Below is my code in swift using a playground:
func mergeSort<T:Comparable>(_ array:[T]) -> [T] {
guard array.count > 1 else { return array }
let lowerHalfArray = array[0..<array.count / 2]
let upperHalfArray = array[array.count / 2..<array.count]
let lowerSortedArray = mergeSort(array: Array(lowerHalfArray))
let upperSortedArray = mergeSort(array: Array(upperHalfArray))
return merge(lhs:lowerSortedArray, rhs:upperSortedArray)
}
func merge<T:Comparable>(lhs:[T], rhs:[T]) -> [T] {
guard lhs.count > 0 else { return rhs }
guard rhs.count > 0 else { return lhs }
var i = 0
var j = 0
var mergedArray = [T]()
let loopCount = (lhs.count + rhs.count)
for _ in 0..<loopCount {
if j == rhs.count || (i < lhs.count && lhs[i] < rhs[j]) {
mergedArray.append(lhs[i])
i += 1
} else {
mergedArray.append(rhs[j])
j += 1
}
}
return mergedArray
}
let values = [5,4,8,7,6,3,1,2,9]
let sortedValues = mergeSort(values)
My questions for this are as follows:
Do the guard statements at the start of the merge<T:Comparable> function actually make it more inefficient? Considering we are always halving the array, the only time that it will hold true is for the base case and when there is an odd number of items in the array.
This to me seems like it would actually add more processing and give minimal return since the time that it happens is when we have halved the array to the point where one has no items.
Concerning my if statement in the merge. Since it is checking more than one condition, does this effect the overall efficiency of the algorithm that I have written? If so, the effects to me seems like they vary based on when it would break out of the if statement (e.g at the first condition or the second).
Is this something that is considered heavily when analyzing algorithms, and if so how do you account for the variance when it breaks out from the algorithm?
Any other analysis/tips you can give me on what I have written would be greatly appreciated.
You will very soon learn about Big-O and Big-Theta where you don't care about exact runtimes (believe me when I say very soon, like in a lecture or two). Until then, this is what you need to know:
Yes, the guards take some time, but it is the same amount of time in every iteration. So if each iteration takes X amount of time without the guard and you do n function calls, then it takes X*n amount of time in total. Now add in the guards who take Y amount of time in each call. You now need (X+Y)*n time in total. This is a constant factor, and when n becomes very large the (X+Y) factor becomes negligible compared to the n factor.

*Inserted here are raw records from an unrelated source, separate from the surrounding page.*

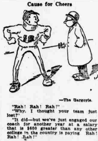
Cause for Cheers —The Gazette. "Rah! Rah! Rah!" "Why, I thought your team just lost!" "It did—but we've just engaged our coach for another year at a salary that is $600 greater than any other college in the country is paying. Rah! Rah! Rah!"

Of Course —London Opinion. The Sub—I paid a guinea to a palmist yesterday, and she described you exactly and said we should be married within a month. The Girl—How extravagant you are—I could have told you that for nothing!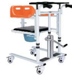
TC7905CO Senior Citizen Walking Aid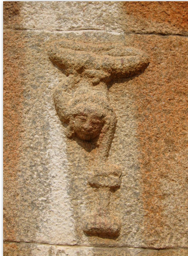
Mastering the body and physical empowerment.

. . .there are complex links between movement and affectivity that can be influenced by sustained involvement with MPY practices – though certainly in various ways and to different degrees.* In summary, then, postural practice in MPY may allow the practitioners to change his or her qualitative use of move-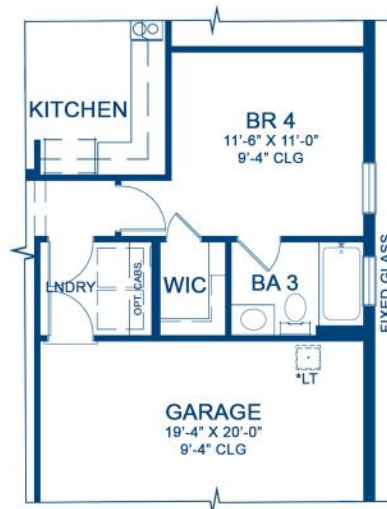
OPT. BATH 3 (+34 A/C S.F. -34 S.F. AT GARAGE)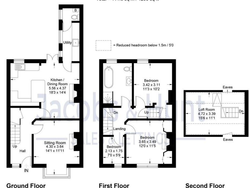
Illustration for identification purposes only,

measurements are approximate, not to scale. (ID750683)

That is, if you can reduce a function X*n to (X+Y)*(log n) then it is worthwhile to add the Y amount of work because you do fewer iterations in total.
The same reasoning applies to your second question. Yes, checking "if X or Y" takes more time than checking "if X" but it is a constant factor. The extra time does not vary with the size of n.
In some languages you only check the second condition if the first fails. How do we account for that? The simplest solution is to realize that the upper bound of the number of comparisons will be 3, while the number of iterations can be potentially millions with a large n. But 3 is a constant number, so it adds at most a constant amount of work per iteration. You can go into nitty-gritty details and try to reason about the distribution of how often the first, second and third condition will be true or false, but often you don't really want to go down that road. Pretend that you always do all the comparisons.
So yes, adding the guards might be bad for your runtime if you do the same number of iterations as before. But sometimes adding extra work in each iteration can decrease the number of iterations needed.